▸ ABOUT THIS TASK
Apart from the pictures, print the data below exactly as given.

▸ INFORMATION SUPPLIED
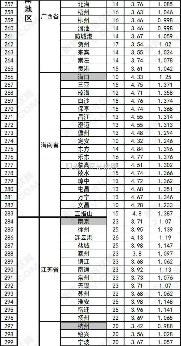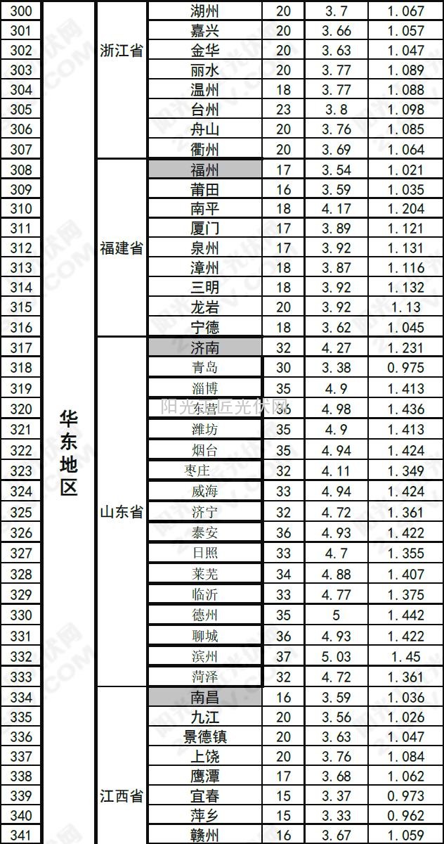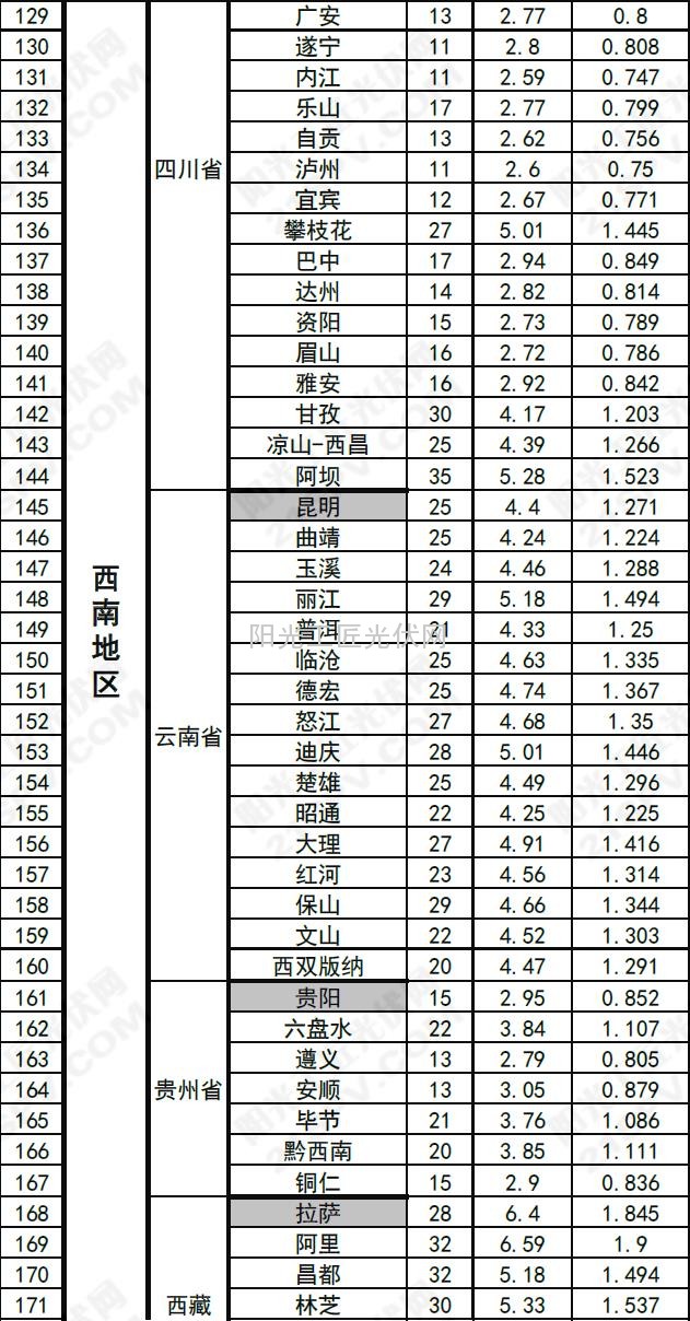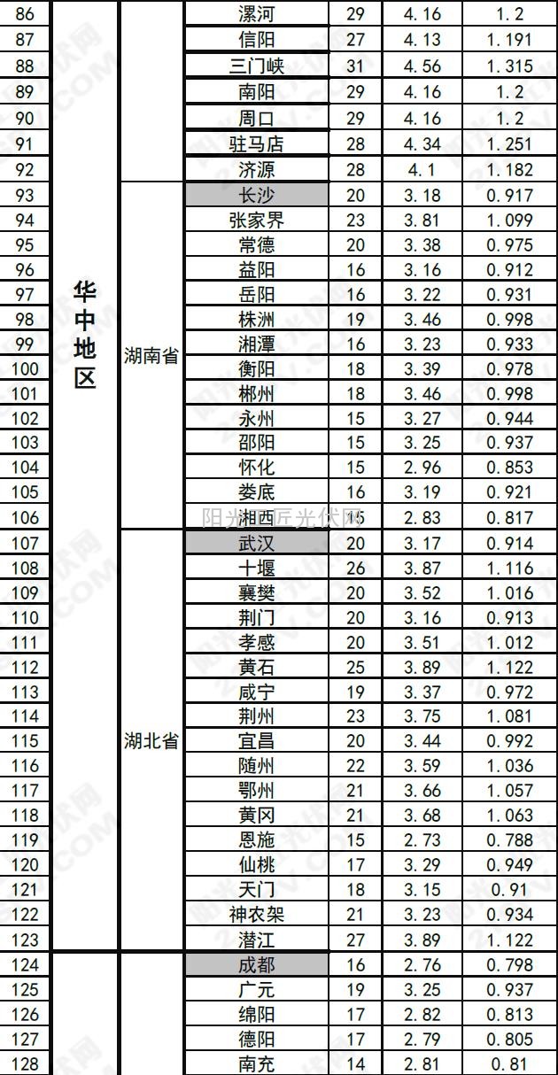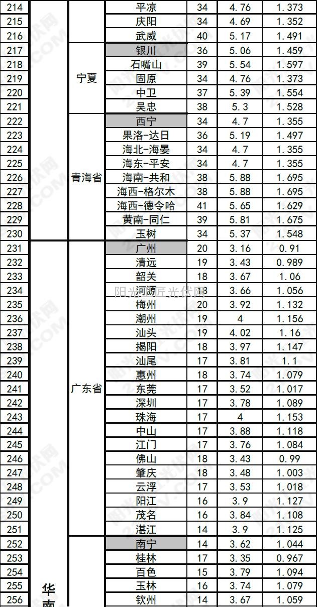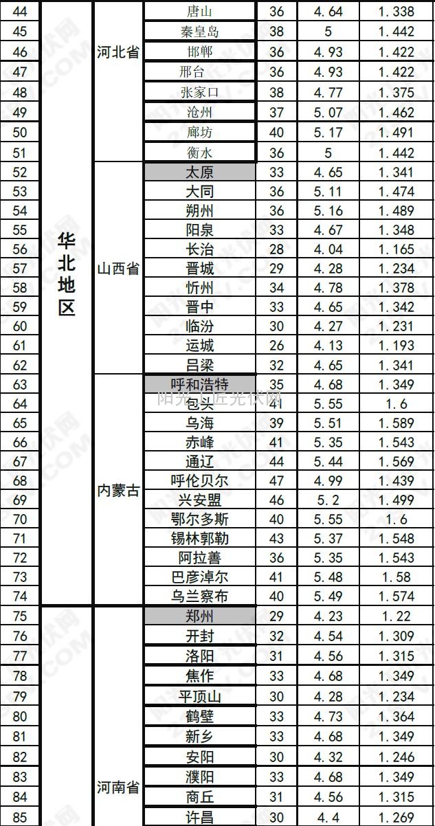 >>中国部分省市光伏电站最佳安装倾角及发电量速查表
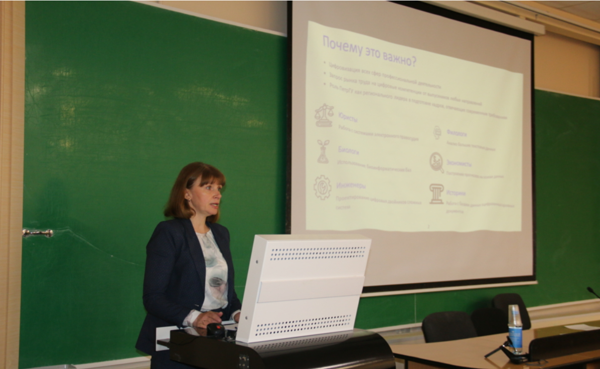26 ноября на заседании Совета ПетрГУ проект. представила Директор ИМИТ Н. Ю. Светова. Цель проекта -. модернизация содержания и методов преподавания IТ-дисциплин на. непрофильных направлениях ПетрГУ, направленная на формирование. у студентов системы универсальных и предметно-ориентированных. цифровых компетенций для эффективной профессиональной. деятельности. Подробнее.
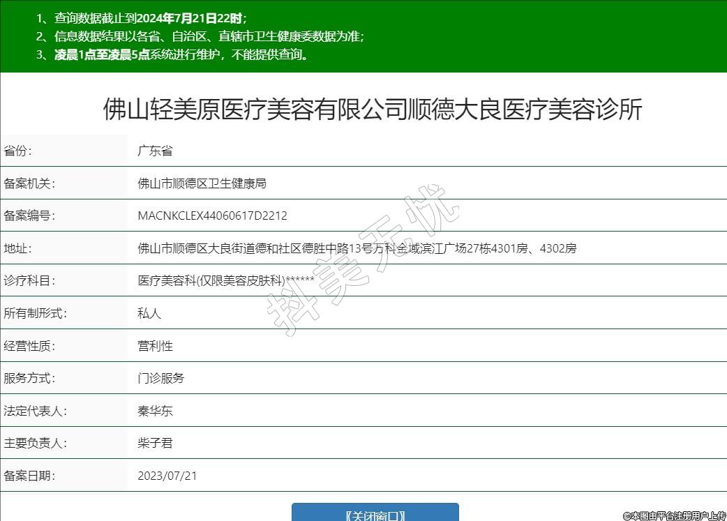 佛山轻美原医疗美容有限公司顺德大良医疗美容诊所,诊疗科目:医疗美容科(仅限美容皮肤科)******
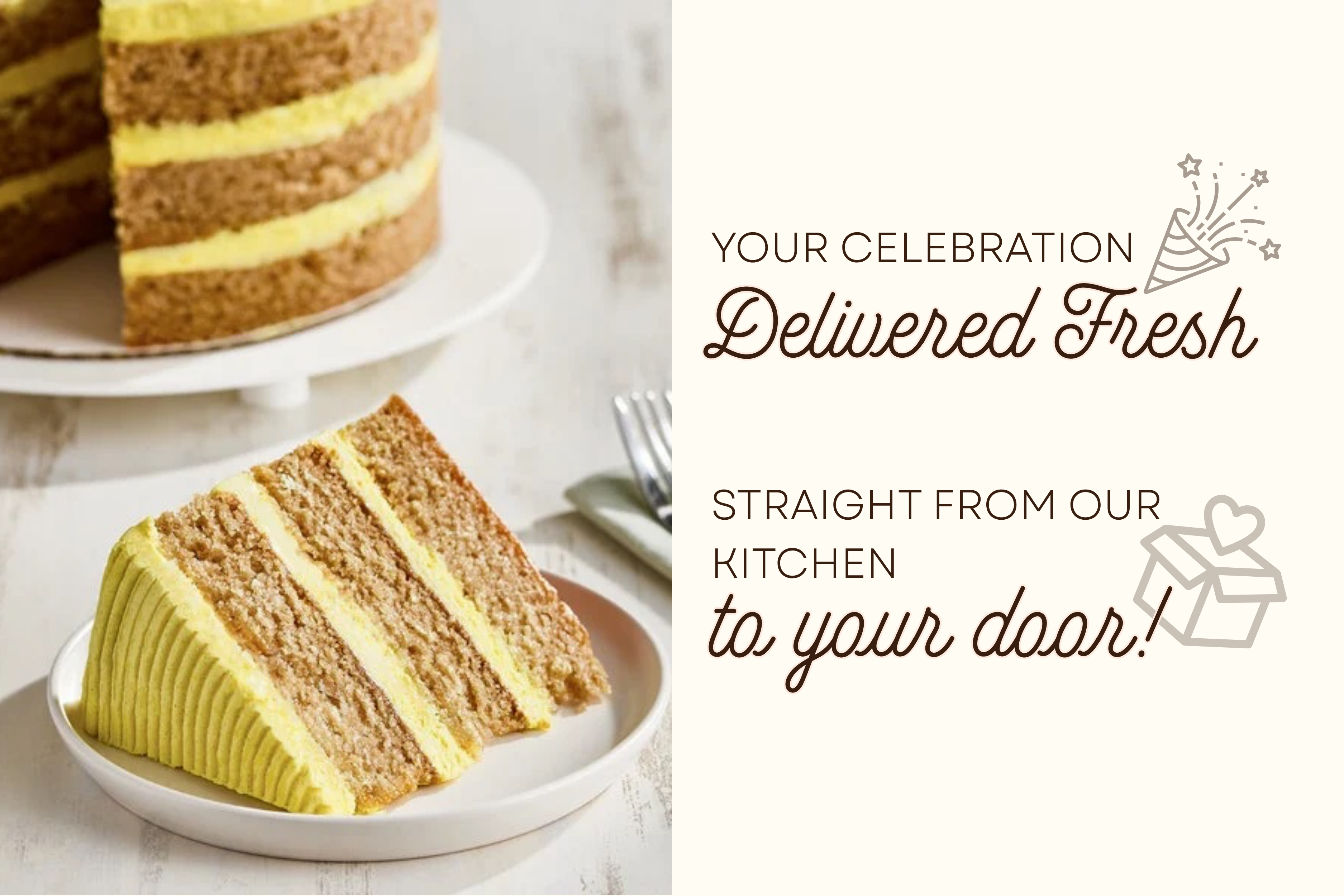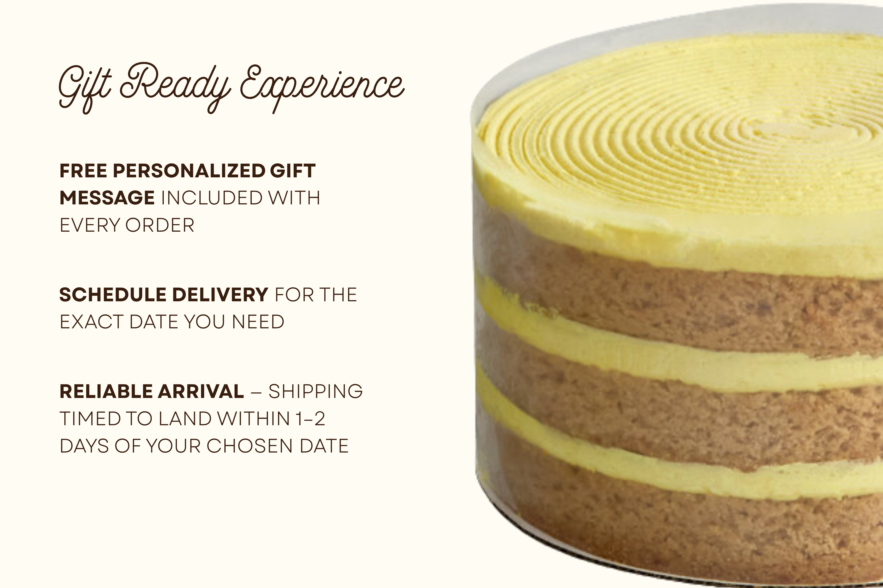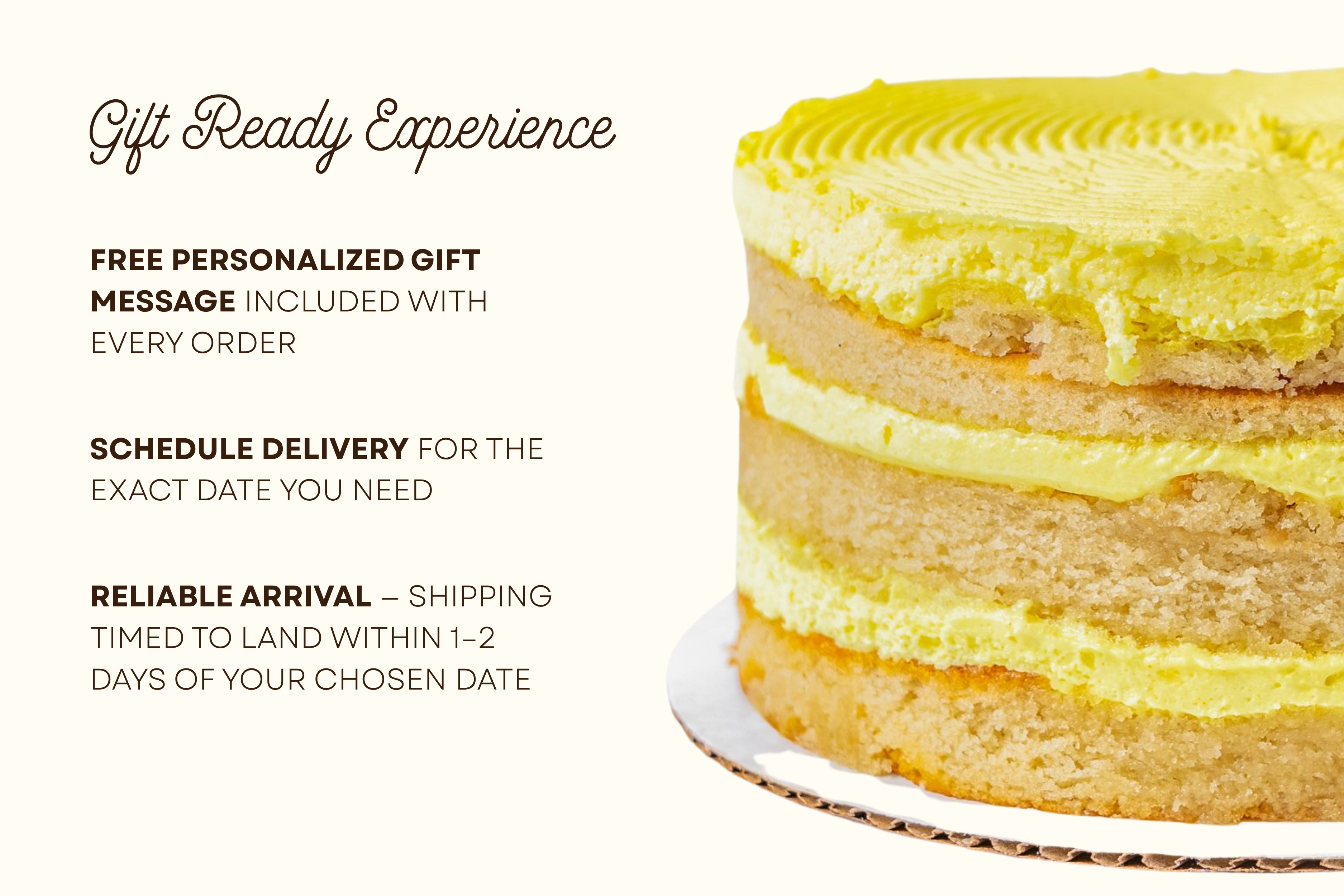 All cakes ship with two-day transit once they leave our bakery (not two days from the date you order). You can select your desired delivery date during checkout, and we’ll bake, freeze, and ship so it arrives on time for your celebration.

▸ WRITTEN SOLUTION
 >>中国部分省市光伏电站最佳安装倾角及发电量速查表
26 ноября на заседании Совета ПетрГУ проект. представила Директор ИМИТ Н. Ю. Светова. Цель проекта -. модернизация содержания и методов преподавания IТ-дисциплин на. непрофильных направлениях ПетрГУ, направленная на формирование. у студентов системы универсальных и предметно-ориентированных. цифровых компетенций для эффективной профессиональной. деятельности. Подробнее.
 佛山轻美原医疗美容有限公司顺德大良医疗美容诊所,诊疗科目:医疗美容科(仅限美容皮肤科)******
 All cakes ship with two-day transit once they leave our bakery (not two days from the date you order). You can select your desired delivery date during checkout, and we’ll bake, freeze, and ship so it arrives on time for your celebration.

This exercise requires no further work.